Output exactly the lines below, starting with the line that has "hyperGrafittiT" and going on through the line that has "試乗車に5YEARSCOAT Excellentを施工して頂きました。", both included, and no other lines.

Saved entries:
-*-

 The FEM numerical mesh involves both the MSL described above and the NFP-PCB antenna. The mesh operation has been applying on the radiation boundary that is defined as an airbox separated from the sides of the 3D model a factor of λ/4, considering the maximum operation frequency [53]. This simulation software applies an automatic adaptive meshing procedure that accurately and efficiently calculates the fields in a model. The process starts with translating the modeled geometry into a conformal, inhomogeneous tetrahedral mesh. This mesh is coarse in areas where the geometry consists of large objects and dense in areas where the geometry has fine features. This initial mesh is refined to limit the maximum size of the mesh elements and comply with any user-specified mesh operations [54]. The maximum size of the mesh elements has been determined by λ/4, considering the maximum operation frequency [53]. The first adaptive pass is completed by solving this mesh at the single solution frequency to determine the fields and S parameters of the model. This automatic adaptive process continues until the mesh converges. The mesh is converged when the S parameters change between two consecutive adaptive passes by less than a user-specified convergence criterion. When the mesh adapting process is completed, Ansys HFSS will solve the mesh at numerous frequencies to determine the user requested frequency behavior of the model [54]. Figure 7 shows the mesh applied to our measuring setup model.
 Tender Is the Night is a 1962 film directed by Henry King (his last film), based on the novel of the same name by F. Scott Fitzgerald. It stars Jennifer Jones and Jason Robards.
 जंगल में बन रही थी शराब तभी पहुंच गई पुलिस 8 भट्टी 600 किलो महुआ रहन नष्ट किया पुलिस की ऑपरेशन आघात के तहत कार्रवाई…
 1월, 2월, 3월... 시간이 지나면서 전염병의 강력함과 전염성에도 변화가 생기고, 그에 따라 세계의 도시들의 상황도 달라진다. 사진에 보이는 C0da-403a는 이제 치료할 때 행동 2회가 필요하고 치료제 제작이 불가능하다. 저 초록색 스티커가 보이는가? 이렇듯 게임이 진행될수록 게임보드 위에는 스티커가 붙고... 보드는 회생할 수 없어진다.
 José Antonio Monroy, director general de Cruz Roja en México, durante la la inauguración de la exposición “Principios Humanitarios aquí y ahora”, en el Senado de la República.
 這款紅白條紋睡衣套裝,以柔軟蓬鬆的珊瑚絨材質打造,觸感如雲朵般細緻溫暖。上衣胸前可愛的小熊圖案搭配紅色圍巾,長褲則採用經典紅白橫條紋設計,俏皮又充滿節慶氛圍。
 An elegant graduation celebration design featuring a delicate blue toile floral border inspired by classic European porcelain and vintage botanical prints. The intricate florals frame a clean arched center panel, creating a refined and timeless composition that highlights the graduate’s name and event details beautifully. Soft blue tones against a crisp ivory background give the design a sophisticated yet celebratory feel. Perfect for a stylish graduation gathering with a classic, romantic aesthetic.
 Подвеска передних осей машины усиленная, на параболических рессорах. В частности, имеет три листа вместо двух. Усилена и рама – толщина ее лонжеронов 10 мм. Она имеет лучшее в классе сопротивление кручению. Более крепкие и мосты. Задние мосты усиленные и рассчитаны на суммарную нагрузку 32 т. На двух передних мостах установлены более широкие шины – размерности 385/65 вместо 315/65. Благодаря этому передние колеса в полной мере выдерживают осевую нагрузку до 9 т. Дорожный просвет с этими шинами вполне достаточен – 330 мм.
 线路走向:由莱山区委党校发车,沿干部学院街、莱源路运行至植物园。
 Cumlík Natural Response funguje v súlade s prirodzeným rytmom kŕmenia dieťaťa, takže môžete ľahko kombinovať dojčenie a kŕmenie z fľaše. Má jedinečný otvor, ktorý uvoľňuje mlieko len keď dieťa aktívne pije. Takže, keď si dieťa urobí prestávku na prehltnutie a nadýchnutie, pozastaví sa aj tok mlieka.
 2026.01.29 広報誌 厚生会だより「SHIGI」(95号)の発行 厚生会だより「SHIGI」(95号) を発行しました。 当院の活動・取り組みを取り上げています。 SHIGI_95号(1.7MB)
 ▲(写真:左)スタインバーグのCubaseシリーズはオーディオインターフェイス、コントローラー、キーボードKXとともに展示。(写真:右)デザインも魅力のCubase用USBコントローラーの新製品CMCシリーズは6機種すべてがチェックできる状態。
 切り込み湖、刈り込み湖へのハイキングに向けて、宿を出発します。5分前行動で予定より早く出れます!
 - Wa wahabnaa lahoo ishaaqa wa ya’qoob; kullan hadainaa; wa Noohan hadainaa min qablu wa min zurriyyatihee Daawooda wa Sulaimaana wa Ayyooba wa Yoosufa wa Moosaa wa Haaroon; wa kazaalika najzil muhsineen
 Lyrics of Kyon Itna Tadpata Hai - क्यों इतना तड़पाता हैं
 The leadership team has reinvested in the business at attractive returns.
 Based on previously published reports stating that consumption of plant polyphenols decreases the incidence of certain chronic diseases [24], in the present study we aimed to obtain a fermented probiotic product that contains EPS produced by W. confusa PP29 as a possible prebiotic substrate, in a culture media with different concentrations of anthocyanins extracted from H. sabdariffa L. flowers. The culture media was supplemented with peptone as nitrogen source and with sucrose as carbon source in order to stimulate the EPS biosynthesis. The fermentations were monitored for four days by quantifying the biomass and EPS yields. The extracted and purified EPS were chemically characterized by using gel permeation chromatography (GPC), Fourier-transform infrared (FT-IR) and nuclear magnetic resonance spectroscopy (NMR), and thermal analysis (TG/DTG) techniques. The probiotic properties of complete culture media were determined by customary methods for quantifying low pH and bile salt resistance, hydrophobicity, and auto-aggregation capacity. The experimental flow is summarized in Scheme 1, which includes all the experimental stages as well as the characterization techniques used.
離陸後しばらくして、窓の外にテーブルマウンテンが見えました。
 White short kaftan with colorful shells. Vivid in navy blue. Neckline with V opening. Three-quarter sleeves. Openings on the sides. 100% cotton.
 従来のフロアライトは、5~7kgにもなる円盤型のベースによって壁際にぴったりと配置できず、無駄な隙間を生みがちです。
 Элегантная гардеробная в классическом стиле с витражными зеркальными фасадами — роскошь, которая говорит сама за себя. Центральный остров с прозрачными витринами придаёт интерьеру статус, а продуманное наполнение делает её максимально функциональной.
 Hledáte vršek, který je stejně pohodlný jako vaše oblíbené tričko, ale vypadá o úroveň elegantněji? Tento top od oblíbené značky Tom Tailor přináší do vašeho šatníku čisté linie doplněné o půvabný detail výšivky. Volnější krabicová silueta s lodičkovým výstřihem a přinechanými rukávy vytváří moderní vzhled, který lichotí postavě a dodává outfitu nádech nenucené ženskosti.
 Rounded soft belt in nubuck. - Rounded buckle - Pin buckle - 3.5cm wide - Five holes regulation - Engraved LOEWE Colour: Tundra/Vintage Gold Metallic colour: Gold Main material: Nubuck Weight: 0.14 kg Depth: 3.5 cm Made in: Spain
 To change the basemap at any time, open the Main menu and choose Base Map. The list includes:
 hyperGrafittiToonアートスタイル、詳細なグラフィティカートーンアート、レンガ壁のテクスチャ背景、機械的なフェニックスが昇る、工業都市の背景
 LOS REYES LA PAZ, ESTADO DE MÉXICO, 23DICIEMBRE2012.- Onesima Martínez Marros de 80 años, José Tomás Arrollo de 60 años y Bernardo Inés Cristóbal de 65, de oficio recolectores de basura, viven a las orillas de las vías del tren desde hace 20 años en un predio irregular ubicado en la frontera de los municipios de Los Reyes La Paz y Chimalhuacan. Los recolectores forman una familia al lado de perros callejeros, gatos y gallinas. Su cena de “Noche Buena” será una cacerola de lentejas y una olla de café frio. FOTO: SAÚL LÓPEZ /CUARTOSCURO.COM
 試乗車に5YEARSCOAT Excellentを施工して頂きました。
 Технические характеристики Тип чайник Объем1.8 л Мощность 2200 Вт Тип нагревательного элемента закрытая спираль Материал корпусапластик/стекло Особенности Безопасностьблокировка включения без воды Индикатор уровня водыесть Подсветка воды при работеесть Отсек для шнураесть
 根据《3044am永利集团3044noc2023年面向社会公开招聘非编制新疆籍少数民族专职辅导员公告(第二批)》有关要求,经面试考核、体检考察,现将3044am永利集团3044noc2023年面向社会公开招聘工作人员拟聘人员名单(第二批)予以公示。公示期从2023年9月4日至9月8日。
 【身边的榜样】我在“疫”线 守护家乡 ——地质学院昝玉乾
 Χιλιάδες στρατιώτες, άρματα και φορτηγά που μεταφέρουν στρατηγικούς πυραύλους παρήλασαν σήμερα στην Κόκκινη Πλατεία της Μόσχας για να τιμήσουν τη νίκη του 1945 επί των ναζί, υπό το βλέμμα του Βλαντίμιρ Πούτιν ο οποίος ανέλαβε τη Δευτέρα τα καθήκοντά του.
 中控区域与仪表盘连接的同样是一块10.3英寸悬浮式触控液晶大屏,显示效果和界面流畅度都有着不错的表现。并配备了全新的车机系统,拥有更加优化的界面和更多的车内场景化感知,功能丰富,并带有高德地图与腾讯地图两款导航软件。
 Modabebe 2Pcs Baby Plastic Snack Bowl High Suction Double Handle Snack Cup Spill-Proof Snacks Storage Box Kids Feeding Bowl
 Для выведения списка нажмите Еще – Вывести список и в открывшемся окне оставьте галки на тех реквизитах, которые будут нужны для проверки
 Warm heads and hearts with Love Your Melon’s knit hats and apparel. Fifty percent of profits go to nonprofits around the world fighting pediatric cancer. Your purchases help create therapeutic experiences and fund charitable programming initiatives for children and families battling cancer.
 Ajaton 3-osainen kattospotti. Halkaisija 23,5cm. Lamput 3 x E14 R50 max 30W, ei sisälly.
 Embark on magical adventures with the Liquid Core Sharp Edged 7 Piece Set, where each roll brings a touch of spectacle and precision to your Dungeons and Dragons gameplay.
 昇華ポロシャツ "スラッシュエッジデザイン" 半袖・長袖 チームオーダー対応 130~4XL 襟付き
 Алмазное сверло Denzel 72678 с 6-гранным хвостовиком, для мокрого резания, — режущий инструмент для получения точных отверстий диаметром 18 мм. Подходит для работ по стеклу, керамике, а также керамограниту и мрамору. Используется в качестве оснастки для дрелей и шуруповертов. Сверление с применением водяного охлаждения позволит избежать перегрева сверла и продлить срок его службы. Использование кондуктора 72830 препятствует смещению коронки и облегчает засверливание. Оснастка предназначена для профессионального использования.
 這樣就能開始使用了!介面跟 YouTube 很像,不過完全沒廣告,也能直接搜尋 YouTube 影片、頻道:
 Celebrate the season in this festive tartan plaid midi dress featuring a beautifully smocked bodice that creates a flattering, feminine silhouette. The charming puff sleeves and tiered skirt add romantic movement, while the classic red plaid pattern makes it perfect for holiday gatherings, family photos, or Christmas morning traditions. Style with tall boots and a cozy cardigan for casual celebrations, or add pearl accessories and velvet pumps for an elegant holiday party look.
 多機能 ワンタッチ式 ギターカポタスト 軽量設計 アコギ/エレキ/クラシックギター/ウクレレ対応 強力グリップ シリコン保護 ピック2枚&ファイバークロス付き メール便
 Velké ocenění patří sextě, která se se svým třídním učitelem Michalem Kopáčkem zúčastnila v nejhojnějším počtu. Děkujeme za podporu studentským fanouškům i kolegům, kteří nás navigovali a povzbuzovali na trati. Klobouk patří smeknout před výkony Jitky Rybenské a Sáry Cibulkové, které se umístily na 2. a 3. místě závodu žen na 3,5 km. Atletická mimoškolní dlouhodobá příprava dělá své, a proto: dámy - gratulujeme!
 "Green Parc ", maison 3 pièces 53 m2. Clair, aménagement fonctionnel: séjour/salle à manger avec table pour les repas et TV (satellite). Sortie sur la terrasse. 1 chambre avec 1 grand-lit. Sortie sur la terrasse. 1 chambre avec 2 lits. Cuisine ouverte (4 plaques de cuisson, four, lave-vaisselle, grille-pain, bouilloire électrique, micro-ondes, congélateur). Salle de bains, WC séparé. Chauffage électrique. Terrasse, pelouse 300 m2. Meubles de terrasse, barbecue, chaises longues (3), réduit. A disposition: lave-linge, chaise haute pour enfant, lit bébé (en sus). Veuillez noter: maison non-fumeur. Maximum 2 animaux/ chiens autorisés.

-*-

• The completed task:
 hyperGrafittiToonアートスタイル、詳細なグラフィティカートーンアート、レンガ壁のテクスチャ背景、機械的なフェニックスが昇る、工業都市の背景
 LOS REYES LA PAZ, ESTADO DE MÉXICO, 23DICIEMBRE2012.- Onesima Martínez Marros de 80 años, José Tomás Arrollo de 60 años y Bernardo Inés Cristóbal de 65, de oficio recolectores de basura, viven a las orillas de las vías del tren desde hace 20 años en un predio irregular ubicado en la frontera de los municipios de Los Reyes La Paz y Chimalhuacan. Los recolectores forman una familia al lado de perros callejeros, gatos y gallinas. Su cena de “Noche Buena” será una cacerola de lentejas y una olla de café frio. FOTO: SAÚL LÓPEZ /CUARTOSCURO.COM
 試乗車に5YEARSCOAT Excellentを施工して頂きました。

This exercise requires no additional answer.